Artificial intelligent assistant

everyday

everyday, n. and a.
  (ˈɛvərɪ-, ˈɛvrɪdeɪ, ˌɛvrɪˈdeɪ)
  [Combination of every and day.]
  A. n. a. Each day in continued succession. b. dial. A week-day, as opposed to Sunday.

c 1374 Chaucer Boeth. ii. ii. 33 O þou man wher fore makest þou me gilty by þine euerydayes pleynynges. 1888 Elworthy W. Somerset Word-bk. s.v., Oh! I keeps they for Sundays, I don' put 'em on 'pon everydays. Mod. Sc. Ask him for an every-day, he cannot come on a Sunday. Sunday and every-day are alike to him.

  B. attrib., passing into adj.
  1. Of or pertaining to every day, daily; also, pertaining alike to Sundays and week-days.

1647 J. Saltmarsh Spark. Glory (1847) 170 His fulness lives in an eternal every-day sabbath, while some live in little more than..one day in the week. 1648 Hammond Wks. IV. (1684) 508 An every-day care for the drying up of the great fountain of Leprosie in the Heart. 1796 Lamb Lett. to Coleridge in Life ii. 16, I am heartily sick of the every-day scenes of life. 1804 Bp. Lincoln in G. Rose Diaries (1860) II. 85, I do not doubt but you want constant every-day debaters. 1857 Livingstone Trav. Introd. 6 note, Make religion the every-day business of your life. 1861 F. Nightingale Nursing 95 The everyday management of a sick room. 1880 Muirhead tr. Instit. Gaius 591 Voluntary sale of a slave was of everyday occurrence. 1888 Elworthy W. Somerset Word-bk. s.v., An ‘every-day horse’ is one that can work all the week long..not like a Parson's horse, which can only work on Sundays.

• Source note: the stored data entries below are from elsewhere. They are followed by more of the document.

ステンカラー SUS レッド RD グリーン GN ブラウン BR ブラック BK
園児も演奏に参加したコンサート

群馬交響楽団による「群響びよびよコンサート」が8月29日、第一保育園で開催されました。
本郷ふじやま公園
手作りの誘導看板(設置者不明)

  2. Of articles of dress: Worn on ordinary days or week-days, as opposed to Sundays or high-days. Also fig. every-day self.

1632 Massinger City Madam i. i, Few great ladies going to a masque..outshine our's [fashions] in their every-day habits. 1824 Miss Mitford Village Ser. i. (1863) 215 The every-day ribbands were coloured. 1840 Dickens Old C. Shop xiii, Mr. Quilp invested himself in his every-day garments. 1883 H. H. Kane in Harper's Mag. Nov. 945/2, I seemed to have left my every-day self in the..vestibule.

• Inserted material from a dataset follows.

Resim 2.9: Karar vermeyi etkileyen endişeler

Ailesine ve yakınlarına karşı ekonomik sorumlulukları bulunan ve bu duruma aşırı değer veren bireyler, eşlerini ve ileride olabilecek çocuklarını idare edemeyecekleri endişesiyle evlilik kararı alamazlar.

  3. To be met with every day; common, ordinary. Of persons and their attributes: Commonplace, mediocre, inferior. Also every-day-world adj.

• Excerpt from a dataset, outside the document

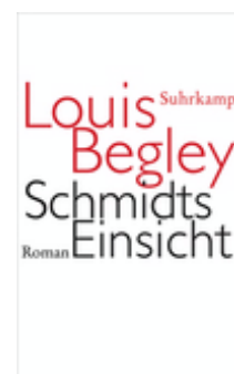
Louis Begley Schmidts Einsicht

a 1763 Shenstone (T.), Things of common concern..make no slight impression on everyday minds. 1781 Johnson L.P., Akenside, This was no every-day writer. 1791 Boswell Johnson (1831) IV. 19 Every-day knowledge had the most of his just praise. 1817 Coleridge Biog. 202 Persons of no every-day powers and acquirements. 1845 J. H. Newman Ess. Developm. 249 Her every-day name..was the Catholic Church. 1847 Alb. Smith Chr. Tadpole xxxii. (1879) 277 [She] had shrunk from the every-day people in the parlour of the public-house. 1862 Burton Bk. Hunter 5 The vulgar everyday-world way of putting the idea. 1868 Freeman Norm. Conq. (1876) II. viii. 287 Treason is spoken of as an everyday matter. 1871 Mad. Simple's Invest. iv, People who have a cook..ought not to dine like everyday folks.

  Hence everydayness.

1840 Lowell Love Poet. Wks. (1879) 82 The every-dayness of this work-day world. 1876 Mrs. Whitney Sights & Ins. xxiv, Nice, jolly every-dayness. 1862 Temple Bar V. 263 The every-dayness, the common-placeness of life oppressed me. 1892 Sat. Rev. 26 Mar. 364/1 The everydayness of this nineteenth century. 1904 M. E. Durham Through Lands of Serb 289 Their dull ‘everydayness’. 1954 L. MacNeice Autumn Sequel 19 The need for everydayness.